I use several different programming languages every day, and I'd like to have different tab widths (in spaces) for each. For example: I use the "standard" 2 spaces for Ruby, but all our existing Matlab code uses 4 spaces.

I have this from my personal ~/.vimrc:

augroup lang_perl
    au!
    set 开发者_开发技巧tabstop=4 " tabstop length N in spaces
    set shiftwidth=4 " make >> and friends (<<, ^T, ^D) shift N, not the default 8
    set expandtab " Use spaces instead of tabs
augroup END

augroup lang_ruby
    au!
    set tabstop=2 " tabstop length N in spaces
    set shiftwidth=2 " make >> and friends (<<, ^T, ^D) shift N, not the default 8
    set expandtab " Use spaces instead of tabs
augroup END

Those work, but the following doesn't:

augroup lang_matlab
    au!
    set tabstop=4 " tabstop length N in spaces
    set shiftwidth=4 " make >> and friends (<<, ^T, ^D) shift N, not the default 8
    set expandtab " Use spaces instead of tabs
augroup END

I really don't understand how augroup lang_ruby figures out that I'm editing a Ruby file. (My searches brought up ftdetect, but the solution wasn't obvious.) It doesn't seem like vim knows that I'm editing Matlab using augroup lang_matlab. What do I change to make this work?
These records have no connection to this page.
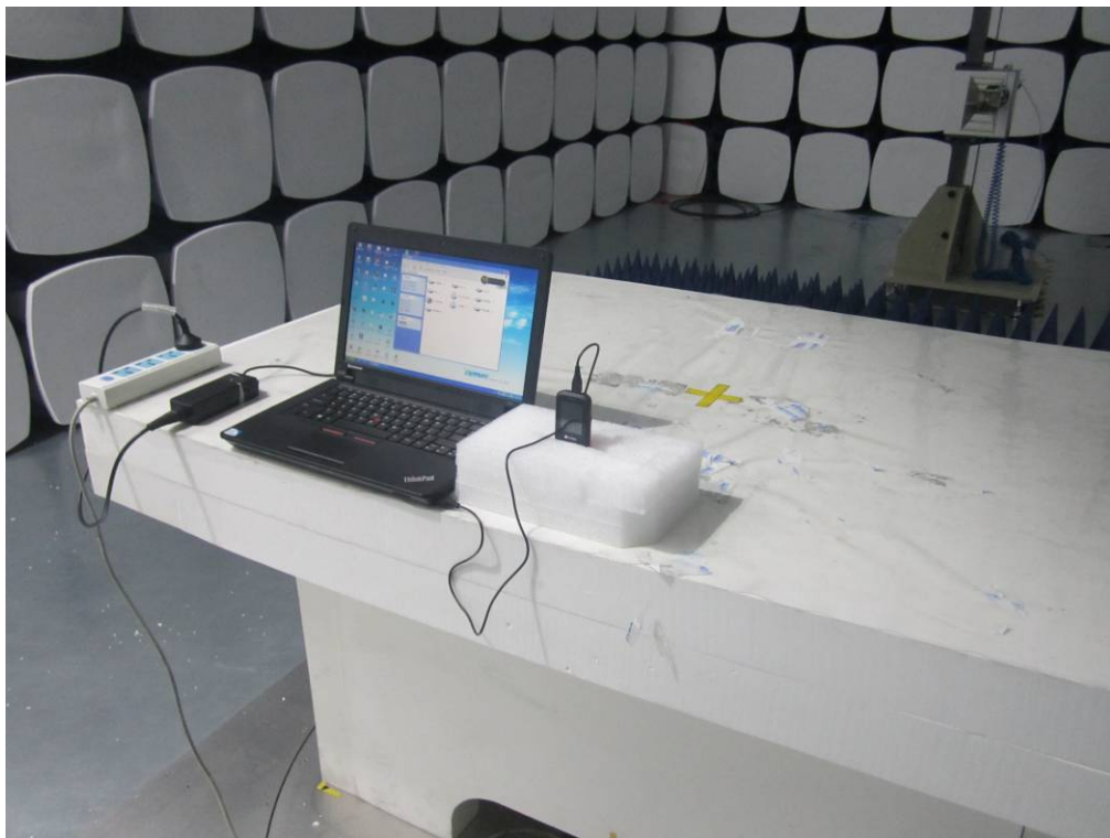
Radiated Spurious Emissions Test Setup Above 1GHz –Front View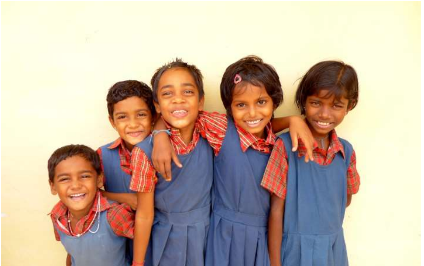
Some Virtues and Angels of Veritas Academy.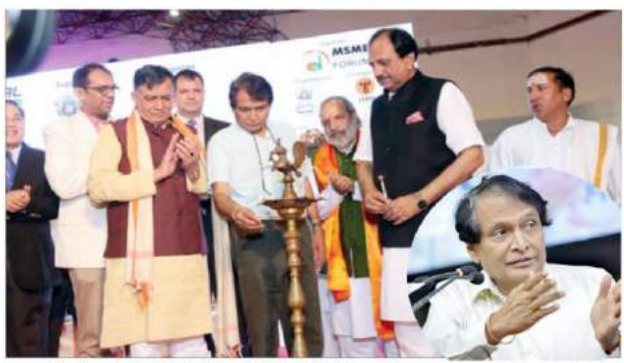
Sh. Suresh Prabhu, Union Minister of Railways, Commerce & Industry with Sh. Satish Mahana, Industry Minister, UP & Sh. Jai Bhagwan Goel Inaugurating 5th Expo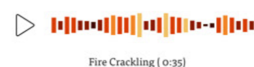
Fire Crackling (0:35)

The fire was crackling, covered by the sounds of the crashing waves.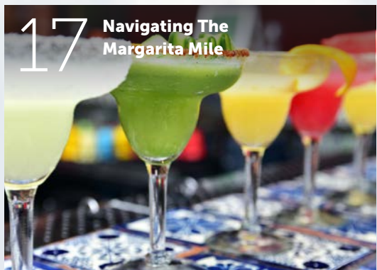
17 Navigating The Margarita Mile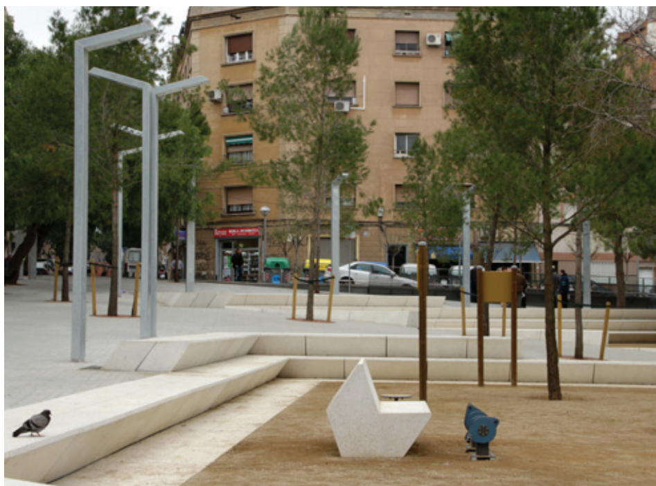
Ocellets Park, Barcelona (Spain)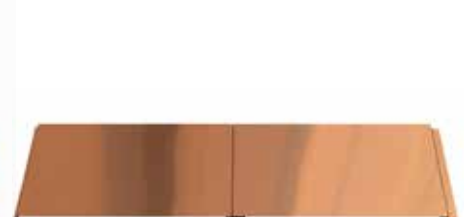
— T-Groove® - 1" Deep

Phoenix: ☎ (602) 495-0048 ✉ sales@westernstatesmetalroofing.com | Washington: ☎ (509) 418-2833 ✉ washington-wsmr@westernstatesmetalroofing.com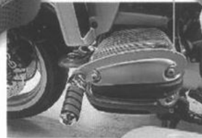
Footpeg & Mounts - Fits all R850, R1100, R1150. Price for one pair is $159.95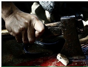
Difficulties for the investigation of killing and selling of wild snakes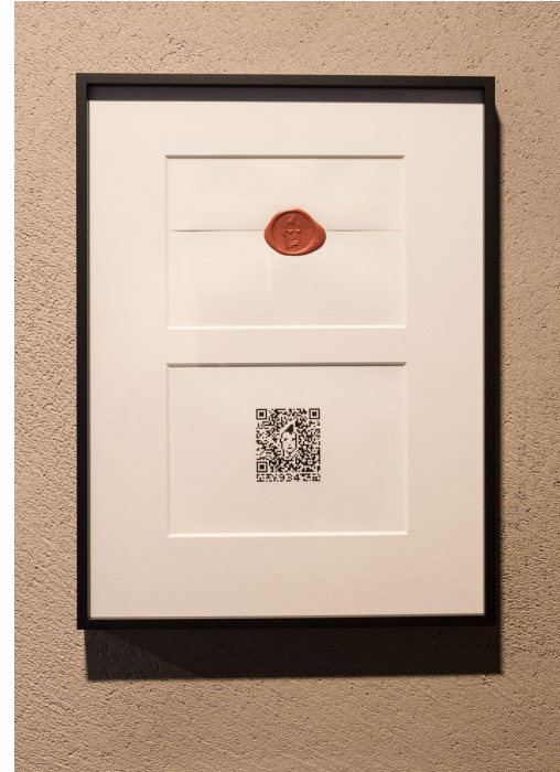
Installation view of physical CryptoPunks and sealed envelope at 'Perfect & Priceless - Value Systems on the blockchain' show, @ Kate Vass Galerie in Zürich, 2018.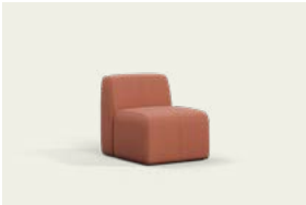
STANDARD BACK 1-SEATER STRAIGHT

JON-SB-1SST O/A: 795 X 720 X 870 MM SEAT: 470 X 610 MM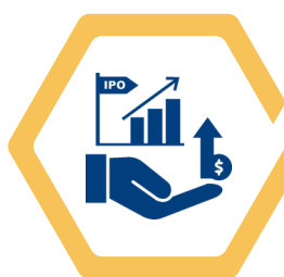
Fund Raising & IPO Listing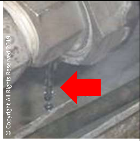
Steam condensate leak flashing to steam, wasting energy and water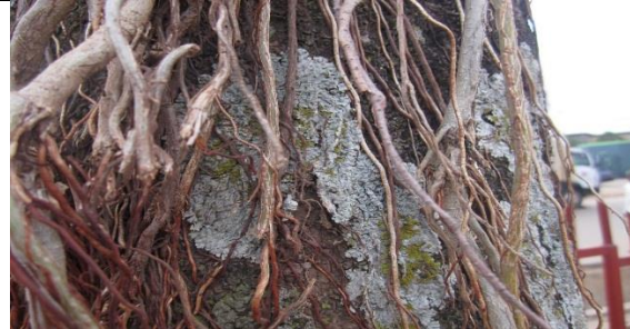
PLATE 6: Epiphytes roots on the host tree with patches of lichens and mosses (4x)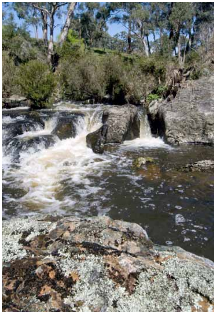
The Loddon squeezes past lichen-covered boulders near Glenluce

We know that water is precious. Water in the Wombat that rolls into the Loddon is especially precious as it supports a swag of threatened species such as growling grass frogs and powerful owls. The Loddon catchment was once a supply of water, fish and other fauna for the Dja Dja Wurrung and other Aboriginal peoples. They inherently understood this environment and were inseparable from the land. From their connectedness, we can begin to understand their belonging and responsibility for the natural environment. And from this, we too can learn how

If you want to have a large number of settings for {filetype}, you should put them into ~/.vim/ftplugin/{filetype}.vim or into file that matches ~/.vim/ftplugin/{filetype}/**/*.vim (examples: ~/.vim/ftplugin/ruby/foo.vim, ~/.vim/ftplugin/ruby/foo/bar.vim). In this case you don't need any autocommands at all. If you still want to use autocommands, use the following:

augroup lang_matlab
    autocmd!
    autocmd FileType matlab      setlocal ts=4 sw=4 et
augroup END

. Note two things: FileType event (it is there and it is not BufRead,BufNewFile) and setlocal instead of plain set. First is intended to be used for filetype settings, second is how buffer-specific options must be set.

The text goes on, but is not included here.